(Given records)
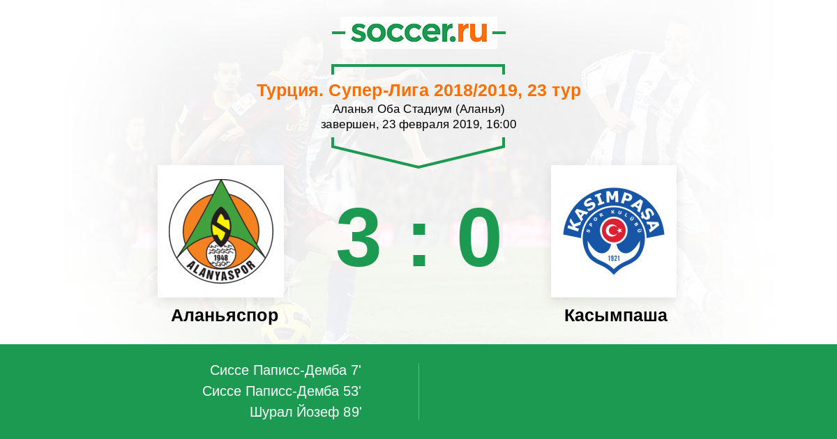 53' (2:0) Сиссе Паписс-Демба (18) (Байано (14))
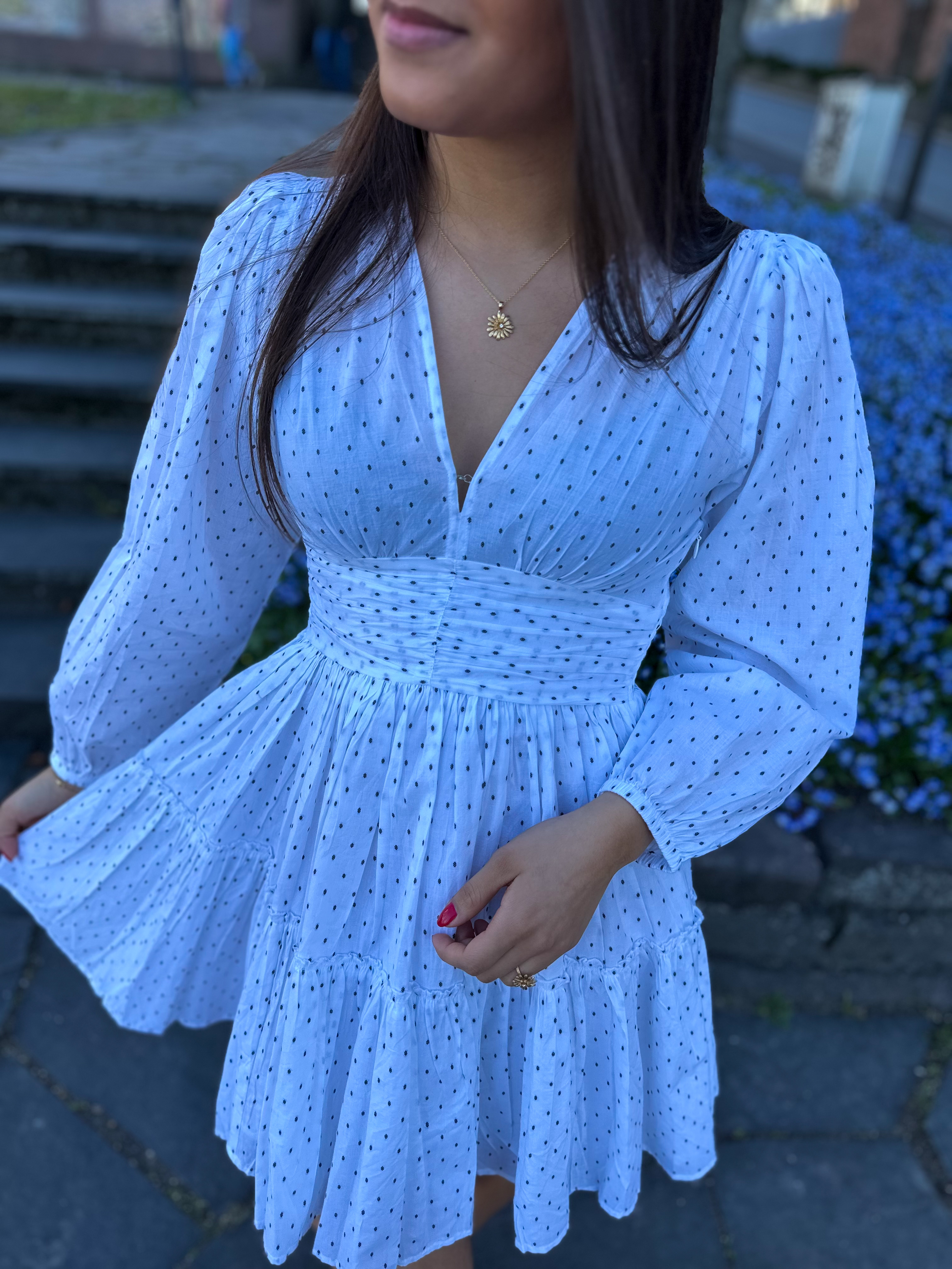 "Noor Dress" fra Missmaya. Denne kjolen har en minilengde, en tilpasset midje med plisserte detaljer og smock i ryggen, og lange, puff ermer med elastiske mansjetter. Kjolen har V-hals og lukkes i siden med glidelås. Kjolen har en behagelig passform og er vanlig i størrelsen.
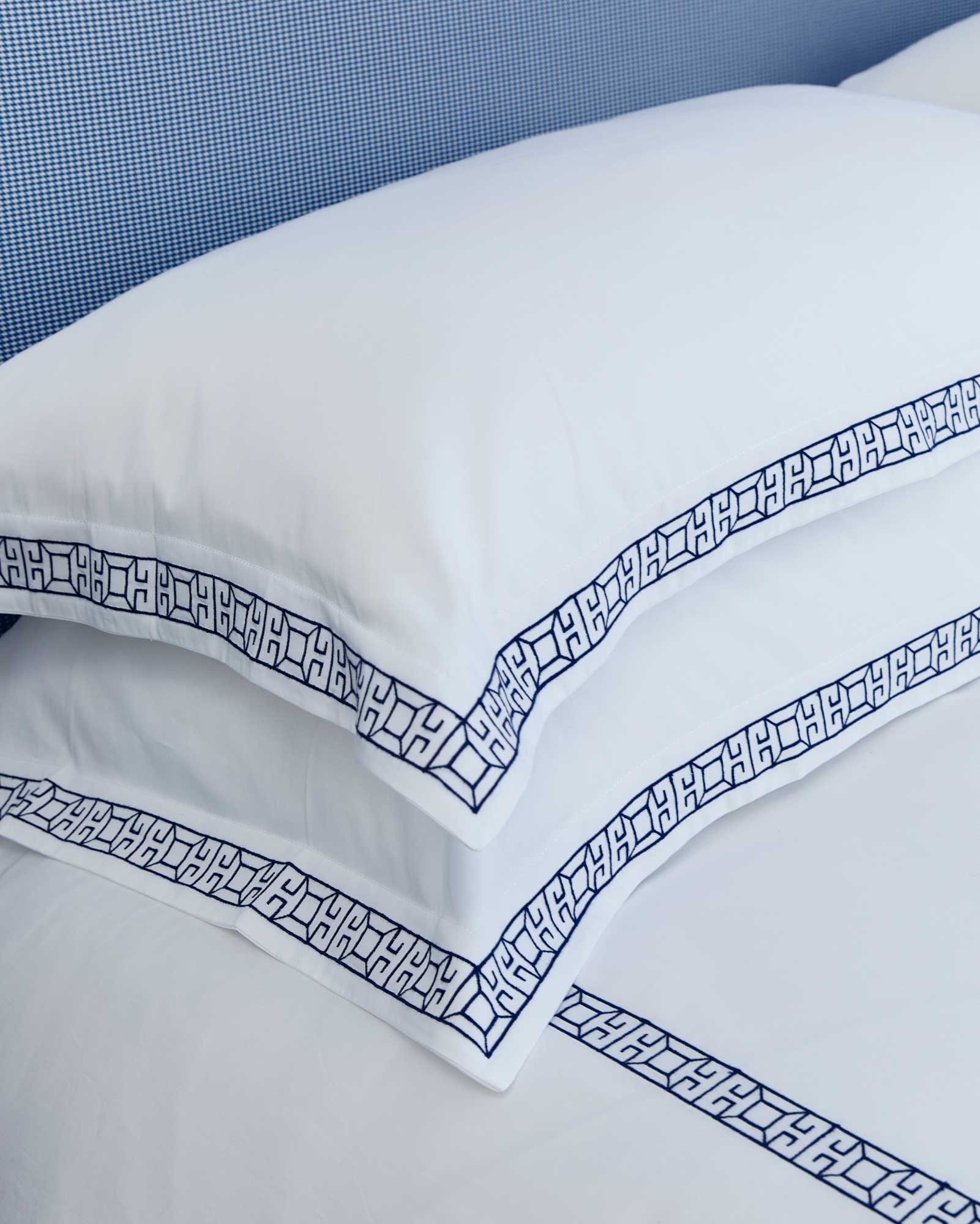 These pillowcases bring a touch of luxury to your bedroom with a classic geometric embroidery in an elegant navy. Crafted in Portugal from 300 thread count cotton with a smooth sateen finish, they offer both softness and sophistication perfect for elevating your everyday routine.
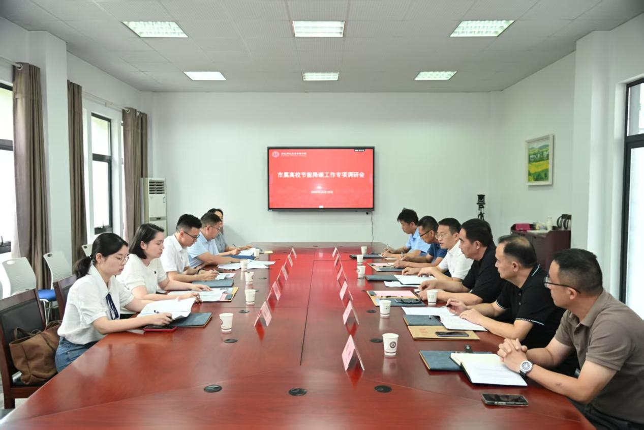都樾对南通市机关事务管理局一行的来访表示欢迎,并从组织领导、制度建设、基础设备、重点用能管理、节水宣传、节能监控、反食品浪费等七个方面汇报了“十四五”以来我校在节能降碳方面所做的工作,对南通市公共机构节能“十五五”规划编制提出了具体建议。
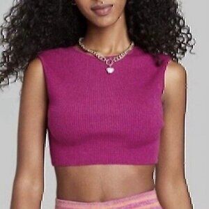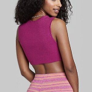 NEW NWT WILD FABLE Ribbed Twist Crop Top Magenta Pink Purple Cropped Y2K Tank
(End Given records)
An exact reproduction of the data is needed, with no pictures included.

**Exercise response**
 53' (2:0) Сиссе Паписс-Демба (18) (Байано (14))
 "Noor Dress" fra Missmaya. Denne kjolen har en minilengde, en tilpasset midje med plisserte detaljer og smock i ryggen, og lange, puff ermer med elastiske mansjetter. Kjolen har V-hals og lukkes i siden med glidelås. Kjolen har en behagelig passform og er vanlig i størrelsen.
 These pillowcases bring a touch of luxury to your bedroom with a classic geometric embroidery in an elegant navy. Crafted in Portugal from 300 thread count cotton with a smooth sateen finish, they offer both softness and sophistication perfect for elevating your everyday routine.
都樾对南通市机关事务管理局一行的来访表示欢迎,并从组织领导、制度建设、基础设备、重点用能管理、节水宣传、节能监控、反食品浪费等七个方面汇报了“十四五”以来我校在节能降碳方面所做的工作,对南通市公共机构节能“十五五”规划编制提出了具体建议。
 NEW NWT WILD FABLE Ribbed Twist Crop Top Magenta Pink Purple Cropped Y2K Tank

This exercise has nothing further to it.